Collected data:
+ + +

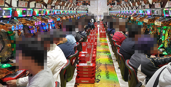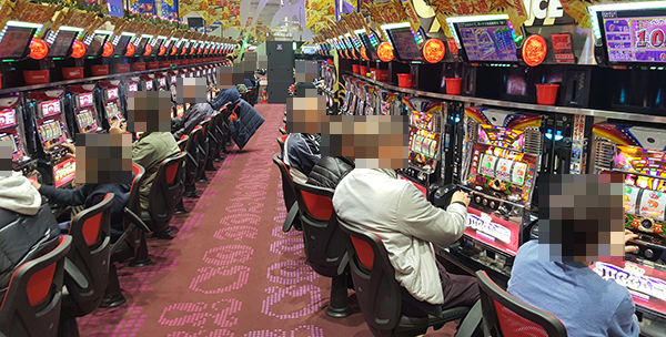 20円パチスロにおいて、とくに活気づいていたのは「バジリスク~甲賀忍法帖~絆」と「パチスロ モンスターハンター~狂竜戦線~」。機種の性能を最大限まで引き出しているような姿が多く、シマ内には明るい雰囲気が広がっていた。
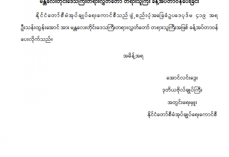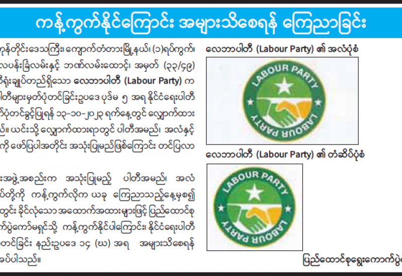 ကန့်ကွက်နိုင်ကြောင်း အများသိစေရန် ကြေညာခြင်း
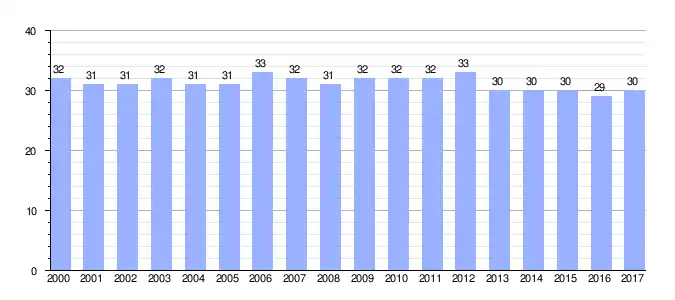 Población de derecho (2000-2017) según los censos de población del INE a 1 de enero de cada año.[7] |
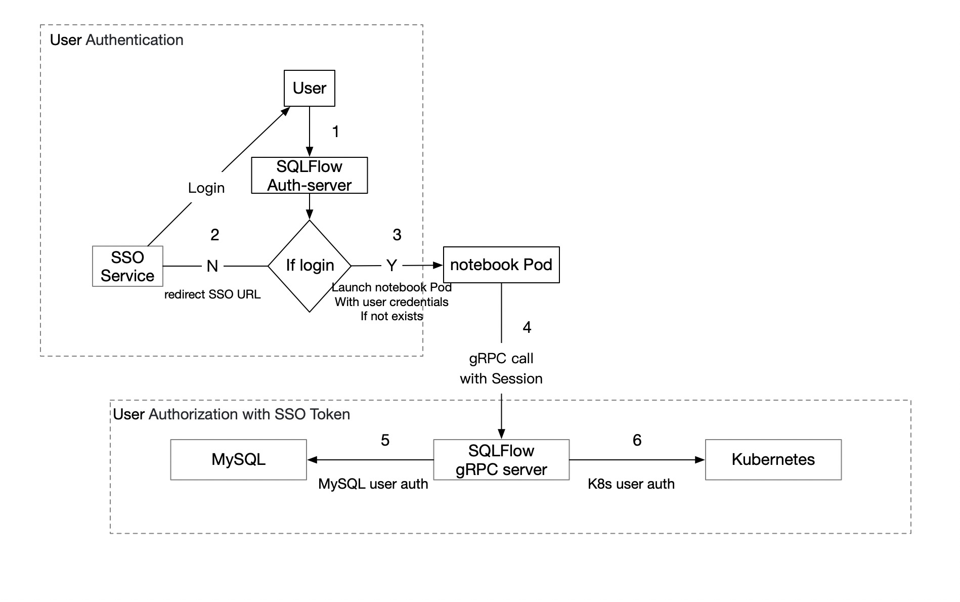| SQLFlow should depend on the [SSO](https://en.wikipedia.org/wiki/Single_sign-on) |
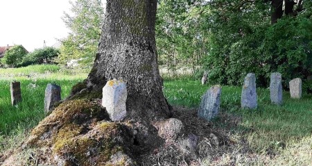 Kriegsgräberstätte für Gefallenen des Ersten Weltkriegs am Ortsrand: Kleine Fläche unter einem alten Baum mit 10 flachen Namensteinen für 36 deutsche Soldaten, darunter 14 Unbekannte. Die Fläche ist nicht abgezäunt, nur einige Begrenzungssteine ragen aus dem Boden.

+ + +

No pictures go in the copy. Retype exactly the lines from the one with "the [SSO](https://en.wikipedia.org/wiki/Single_sign-on) |" through the last line of the entries above, both included, and nothing more.

| SQLFlow should depend on the [SSO](https://en.wikipedia.org/wiki/Single_sign-on) |
 Kriegsgräberstätte für Gefallenen des Ersten Weltkriegs am Ortsrand: Kleine Fläche unter einem alten Baum mit 10 flachen Namensteinen für 36 deutsche Soldaten, darunter 14 Unbekannte. Die Fläche ist nicht abgezäunt, nur einige Begrenzungssteine ragen aus dem Boden.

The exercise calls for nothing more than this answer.